We could move manuals/welfare_fr
to the welfare repo into a folder
frdocs
. And manuals/welfare_de
should go to dedocs
.
This would be a solution at the moment, but imagine we get a third Lino Welfare customer. They would probably want their own variant (i.e. another application). Let’s say Sankt Vith. They will want release notes in German. And their release notes will be different from those for weleup.
It might sound like overkill at the moment, but I currently believe that we do
need two new repositories and Python packages lino_welcht
and
lino_weleup
, and lino_welfare
would contain only the shared code
for all Welfare applications. It would be a kind of “extended extension library”
About the difference between release notes and change notes.

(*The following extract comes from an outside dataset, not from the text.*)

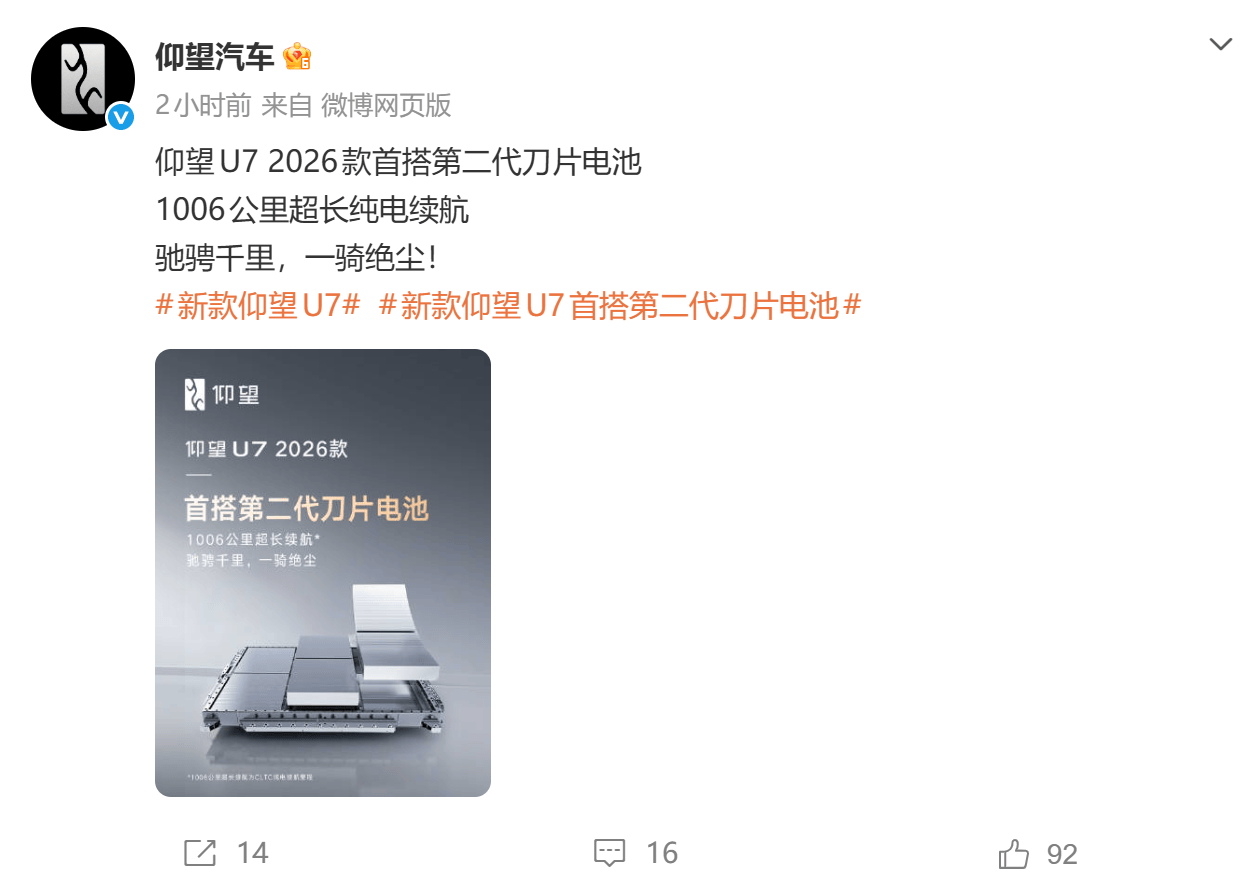 比亞迪宣布,其第二代刀片電池將首次搭載于2026款仰望U7大型純電轎車上。這款新車憑借兩項(xiàng)關(guān)鍵技術(shù)指標(biāo)引發(fā)行業(yè)關(guān)注:純電續(xù)航里程突破1006公里,電池包容量達(dá)150kWh。若第三方實(shí)測數(shù)據(jù)與官方宣稱一致,該車型將顯著緩解消費(fèi)者對電動(dòng)汽車的續(xù)航與充電焦慮。

Release notes are written for the customer, in the language of the customer,
and there is one page for every new version. A new version can mean months of
work and many changes. Release notes are stored in a file
docs/changes/X.Y.Z.rst
. We currently use date-based (not semantic)
versioning because there is no roadmap.
Change notes are written for the developers, in English, and there is one page
per year. Every commit should have at least two changed files: the source code
and a sentence in docs/changes/yyyy.rst
. Change notes are a bit
redundant with commit messages. But they have some advantages: You can modify
them later, e.g. when it turns out that a formulation was misleading. They can
use Sphinx reference system to link to the user manual or the specs. They can
summarize a series of commits.
Applications (weleup, welcht, cosi, tera…) have release notes, but libraries (atelier, lino, xl, welfare) have just change notes. Because the latter is less work, and because there is currently nobody except ourselves who would want to discuss about individual library releases.